[Date Prev][Date Next][Thread Prev][Thread Next][Date Index][Thread Index]
Re: multibyte processing - handling invalid sequences (long)
From: |
Pádraig Brady |
Subject: |
Re: multibyte processing - handling invalid sequences (long) |
Date: |
Wed, 20 Jul 2016 13:21:01 +0100 |
User-agent: |
Mozilla/5.0 (X11; Linux x86_64; rv:38.0) Gecko/20100101 Thunderbird/38.3.0 |
On 20/07/16 07:11, Assaf Gordon wrote:
> Hello all,
>
> I'd like to discuss few aspect of multibyte processing in coreutils, as a
> preparation for future improvements.
>
> To start with an "easy" topic: how to handle invalid input (i.e. input octets
> that result in invalid multibyte sequence).
> Previous discussion said no internal conversion to wchar_t so that invalid
> sequences can be handled as C locale (
> https://lists.gnu.org/archive/html/coreutils/2010-09/msg00051.html ).
> Pádraig's i18n plan left the handling issue open ("How do we handle invalid
> encodings; substitution, elision, leaving in place?",
> http://www.pixelbeat.org/docs/coreutils_i18n/).
>
> Is there an agreement on how to handle those?
>
> Do we want to fall-back to C locale, and does that imply going back and
> revising invalid octets and re-processing them as single-byte characters ?

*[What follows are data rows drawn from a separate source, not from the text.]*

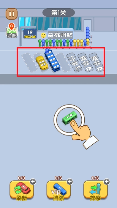 你在这里可以看到,排队乘客的颜色和车辆颜色,乘客入座只能按第一个颜色开始入座的。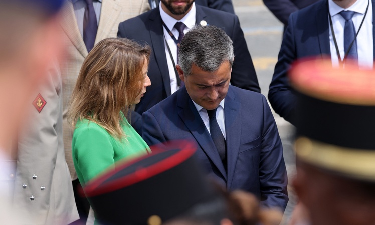 Gérald Darmanin, ministre de l'Intérieur et des Outre-mer, et sa femme Rose-Marie Devillers lors d'un bain de foule à la cérémonie du 144ème défilé militaire du 14 juillet, jour de la Fête Nationale, à Paris, France, le 14 juillet 2024. © Dominique Jacovides/Bestimage rench President during the Bastille Day parade, in Paris, France, on July 14, 2024.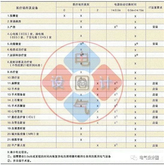 3.3、典型醫(yī)療場所低壓配電設(shè)計潔凈手術(shù)部為了保證用電可靠性,潔凈手術(shù)部根據(jù)防火分區(qū)及潔凈區(qū)的劃分,分別設(shè)置配電總柜。配電總柜設(shè)置在非潔凈區(qū),采用雙電源供電,其中一路引自應(yīng)急母線,設(shè)置自動切換。后端經(jīng)UPS 后再分配至每個潔凈手術(shù)室的專用配電箱。手術(shù)室內(nèi)除手術(shù)臺驅(qū)動機構(gòu)及非生命支持系統(tǒng)的電氣設(shè)備外,對于其他醫(yī)療設(shè)備,均應(yīng)用醫(yī)療場所局部IT 系統(tǒng)供電方式。另外,還需要注意,設(shè)置短路及過負荷保護。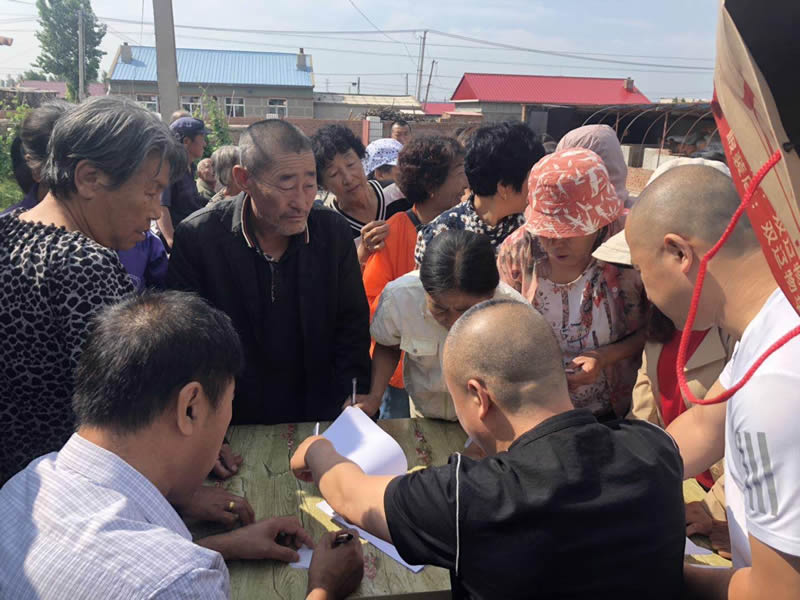 近日,双辽市供销社机关全体成员来到卧虎镇五星村,为包保的贫困户发放鸡雏和饲料。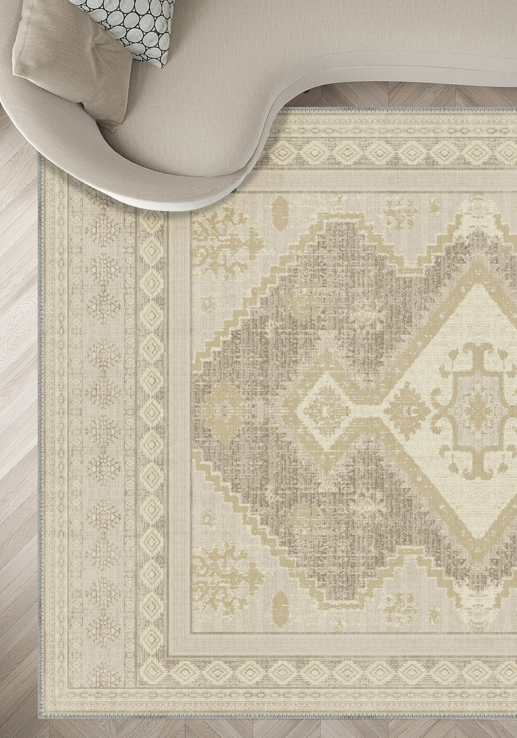 • Neutral Colour Palette: Featuring soft beige, ivory, and taupe hues, this rug effortlessly blends with various interior styles, adding warmth without overpowering your space.
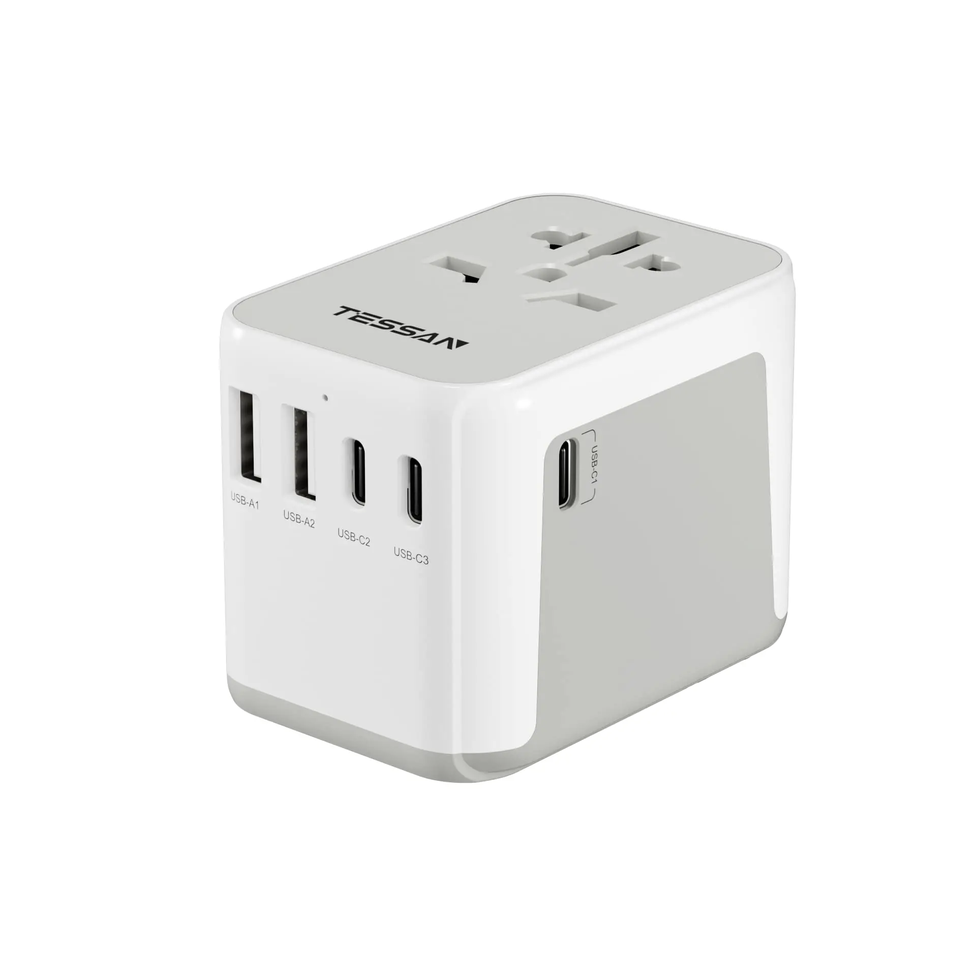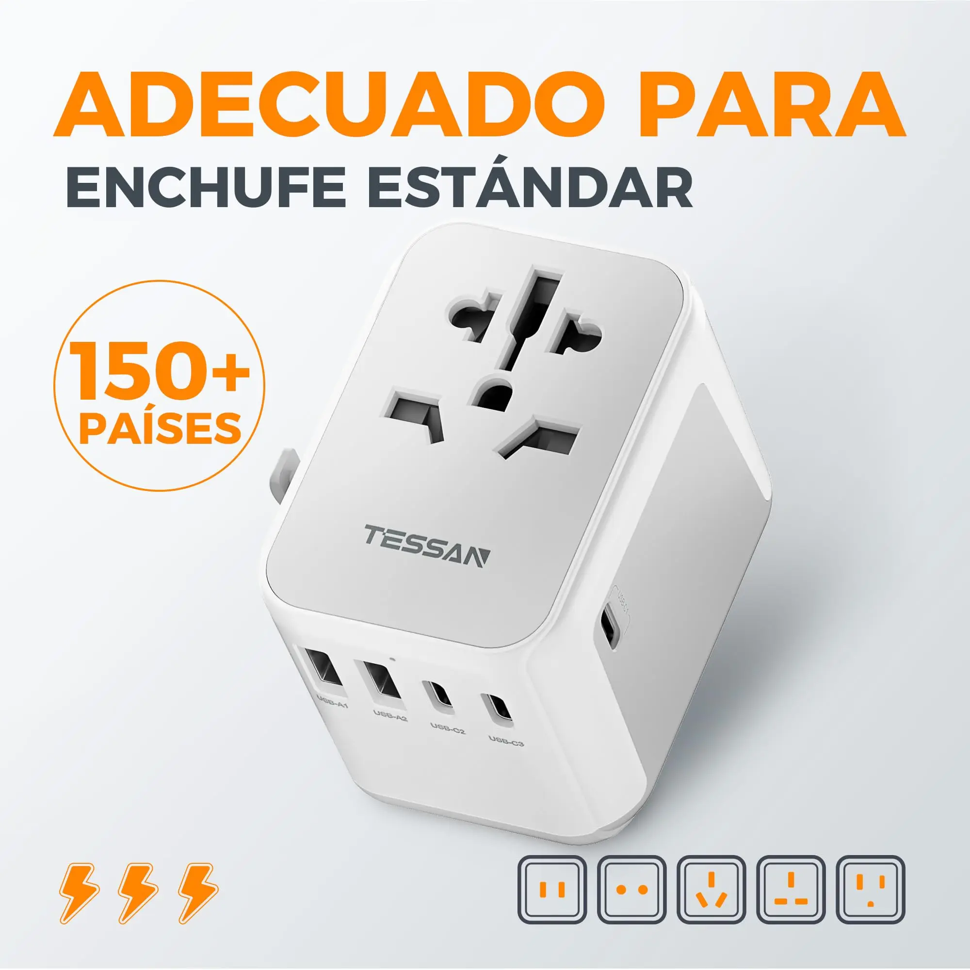 Adaptador de viaje TESSAN en todo el mundo, Adaptador de viaje universal con 2 USB y 3 USB C, Adaptador de enchufe internacional, Adaptador de enchufe de viaje en todo el mundo para Alemania, EE. UU., Inglaterra, Tailandia, Italia, Australia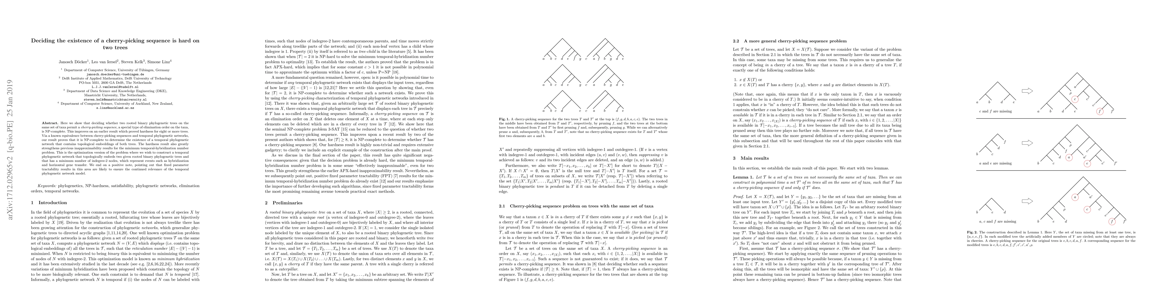 Here we show that deciding whether two rooted binary phylogenetic trees on the same set of taxa permit a cherry-picking sequence, a special type of elimination order on the taxa, is NP-complete. This improves on an earlier result which proved hardness for eight or more trees. Via a known equivalence between cherry-picking sequences and temporal phylogenetic networks, our result proves that it is NP-complete to determine the existence of a temporal phylogenetic network that contains topological embeddings of both trees. The hardness result also greatly strengthens previous inapproximability results for the minimum temporal-hybridization number problem. This is the optimization version of the problem where we wish to construct a temporal phylogenetic network that topologically embeds two given rooted binary phylogenetic trees and that has a minimum number of indegree-2 nodes, which represent events such as hybridization and horizontal gene transfer. We end on a positive note, pointing out that fixed parameter tractability results in this area are likely to ensure the continued relevance of the temporal phylogenetic network model.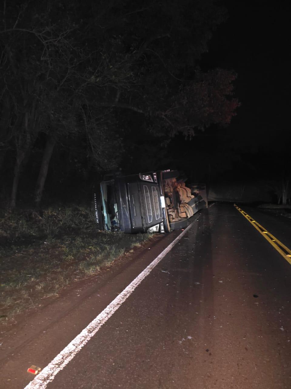 O caminhoneiro de 44 anos ficou ferido na noite desta quinta-feira após o caminhão Trator/Volvo FH 540, placas de Sarandi, Paraná, tracionando o conjunto de semi reboques Noma tombar na rodovia estadual PR- 180, sentido Cafelândia a Nova Aurora.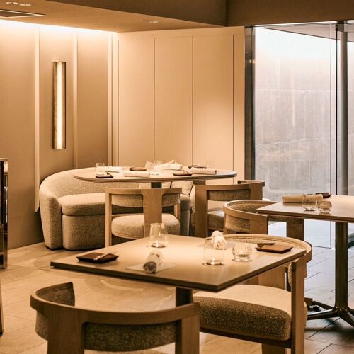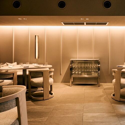 The chef prizes ‘combinations of flavours and aromas’. His mentor in Paris, Christian Le Squer, taught him to seek out new flavours by developing the sensibility of a perfumer. Experience and ideas come together in the ‘Warm Salad’. Vegetables picked in the Takagamine district of Kyoto’s Kita Ward are cooked in a variety of ways, drawing the flavour of each to the fore. Interplay of aromas between char-grilled meat dishes and their sauces express this fare’s unique character.

> If so, the implementation need to keep the N octets (up to MB_CUR_MAX), and
> be able to go back and process them. Alternatively, we can treat only the
> last octet (the offending one that caused the sequence to be invalid) as a
> single-byte character, thus possibly losing data.
>
>
> One possibility is to have all programs print an informative warning to
> stderr upon the detection of the first invalid multibyte sequence, then
> resort to 'best-effort' (e.g. only the last octet, or something else that's
> easy to implement).
> My rational is that for an input file with invalid sequences, there is no one
> correct solution that would satisfy all cases: some users would think the
> obvious correct solution is to output invalid sequences as-is, others would
> think they should be silently ignored (i.e. a program should never generate
> invalid output even on invalid input).
> The best we could do is warn them, and document a way to fix invalid files
> (along the lines of 'iconv --byte-subst="<0x%x>"'). Users could always
> fallback to forcing C locale and then all input bytes will be processed.
>
>
>
> To be more concrete, here are some examples:
>
> The unicode code-point U+2460 is 'CIRCLED DIGIT ONE',
> in UTF-8 octal: printf '\342\221\240'
> I'll use the invalid sequence '\342\221\300' as input below.
>
> What should be the output in the following cases:
>
> 'cut': should it print '\300' or '\342' ?
>
> printf '\342\221\300' | LC_ALL=en_US.UTF-8 cut -c1
>
>
> 'wc': should it print 1 (counting only '\300') or 3 (counting all octets) or
> 0 ?
> currently it prints 0 because it doesn't count invalid multibyte characters.
>
> printf '\342\221\300' | LC_ALL=en_US.UTF-8 wc -m
>
> similar issue, but perhaps with different logic and rationale, with "wc -L".
>
>
> 'expand': should this be expanded to '\300' + 7 spaces + 'A',
> or '\342\221\300' + 5 spaces + 'A' ? or something else ?
>
> printf '\342\221\300\tA\n' | LC_ALL=en_US.UTF-8 expand
>
>
>
> 'fold': should this print: 'aa\342\n\221\300b\n' (treating them as
> single-bytes), or
> 'aa\300\nb\n' (using only the last octet), or something else?
>
> printf 'aa\342\221\300b\n' | LC_ALL=en_US.UTF-8 fold -w 3
>
>
> 'printf' - deals only with bytes. e.g. the following should be printed as-is:
>
> env printf '%s\n' "$(env printf '\342\221\300')"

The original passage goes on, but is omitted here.